Saturday, June 28, 2008

My Story - Bad "B" Movie- Part 2

Four years into my plan, nothing resembled what I had envisioned. But I was still working on keeping my plan alive. The legal process came to a conclusion in July of ’06 after my graduation from seminary and I decided I would go back to work following Christmas. First, I would take some time to rest and clear my head a little.

Our oldest son had graduated Christmas '05 and this year, just before Christmas '06, he had secured the “perfect” job for him. We were all so excited. It was like things were beginning to come together for us. I was eager to get on with my “own” life.

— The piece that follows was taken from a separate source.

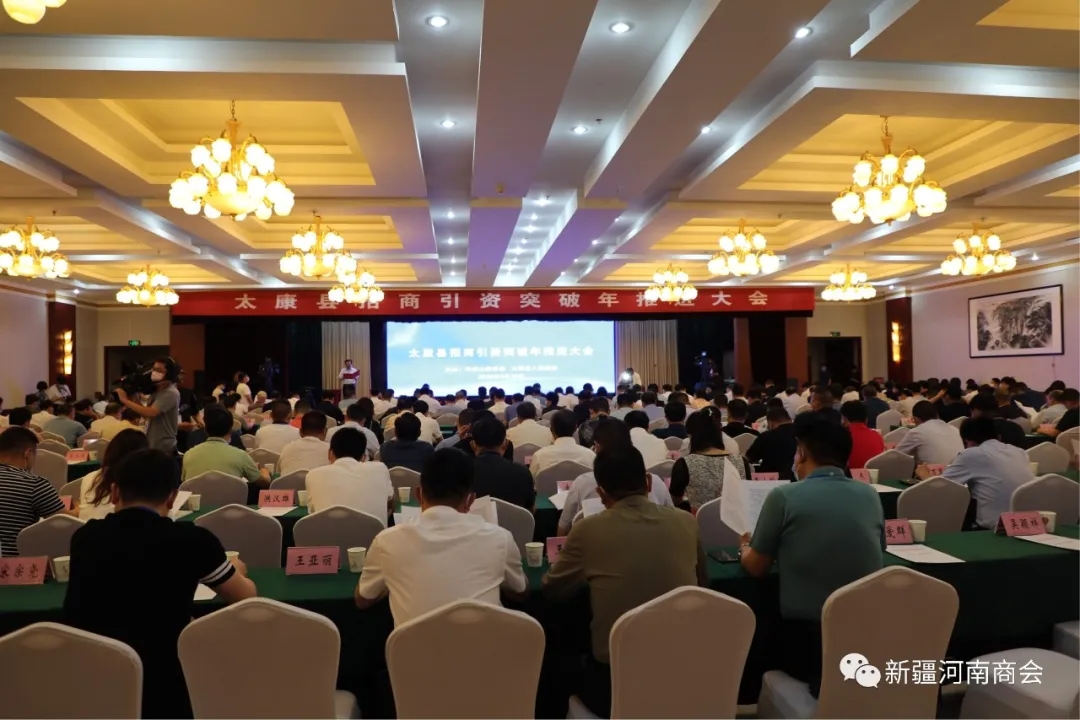 5月29日下午,太康縣艷陽高照,大地金黃。太康縣招商引資突破年促進(jìn)大會(huì)在宏泰酒店東三樓會(huì)議室隆重舉行。太康縣四大班子的領(lǐng)導(dǎo),各鄉(xiāng)鎮(zhèn)黨委書記、縣直單位主要負(fù)責(zé)人及太康籍商界知名人士代表、受邀客商共300余人參加會(huì)議。我會(huì)會(huì)長朱軍,執(zhí)行會(huì)長紀(jì)昌鋒,常務(wù)副會(huì)長李海迎、王培忠,辦公室主任徐汝靈參加了大會(huì)。

Elliot’s girlfriend was now dating our other son’s very best friend. They had our blessing (“as long as neither one of you hurts the other”). They had come for the weekend. It was a 74 degree January Sunday and they hopped in Elliot’s Jeep, with the top down (something which made them all feel closer to E), to come meet us for lunch, following church. As we pulled in the parking lot of the restaurant, we received a phone call. There had been an accident. We would later find out, they had been run off the road and went down a 130 foot embankment. The man left the scene, stopped to change his flat a few miles down the road, told an officer there had been an accident and was never charged. The DA made that decision...more forgiveness to work on.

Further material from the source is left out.